In February of 2022, I introduced the idea of The Albuquerque Contemporary Dance Festival to Elyse Fahey and Madrone Matysiak. We had spent the previous seven months dancing together in different class contexts at Studio Sway and I thought I could trust them to collaborate on a project to promote contemporary dance in Albuquerque.

Elyse Fahey owns Studio Sway and she agreed to host ACDF for the first year. Immediately, red flags ensued and I approached Elyse about “Studio Sway” taking ownership of the festival. This was Elyse’s response on February 24th, 2022.

Just want to clarify from our conversation last night; making the festival more Studio Sway-oriented, so to speak, has nothing to do with me wanting any sort of ownership or power around the idea of ACDF, and everything to do with keeping this whole offering as neutral, simple, and drama-free as possible.

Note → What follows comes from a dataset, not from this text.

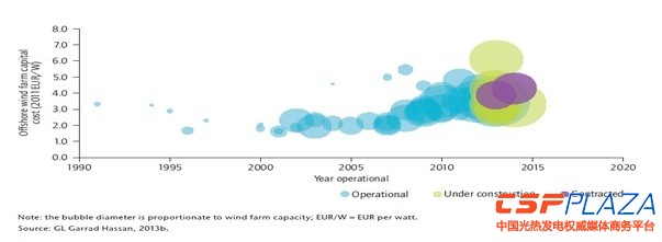 海上風電風速高,發電量比陸上風電多50%,這可以部分抵消其較高的投資成本。目前海上風電度電成本在13.6美分-21.8美分/kWh,2010-2012年建設的海上風電項目度電成本仍然高于陸上風電,主要是因為海上風電項目離岸越來越遠,水深越來越深,增加了地基、并網和安裝成本。海上風電項目的融資成本也相對更高。

Sway is a nice little neutral entity in this community; we (I) don’t have any bad blood anywhere or with anyone.

Very early on in our “collaboration” I noticed power dynamics that were deeply concerning to me and to the health of our project. Elyse and Madrone insisted on centering themselves in the “collaboration,” sidelining my voice and presence. When I asked if they would be willing to be aware of the dynamic in the room, in other words, to recognize how they organize, I was met with fragility rather than responsibility.

Our “collaboration” was fraught with their inability to acknowledge how they exclude and how this exclusion assumes power. On multiple occasions, I asked for us to come together to process our dynamic, but Elyse and Madrone would not make time for such a discussion. My unease in the “collaboration” was not a priority for them.

Miraculously, the festival was an enormous success and filled a void that had long been vacant in Albuquerque. Before the close of the festival I asked for a debriefing session. After the close of the festival I asked for a mediated debriefing session. Instead, this is the email I received from Elyse.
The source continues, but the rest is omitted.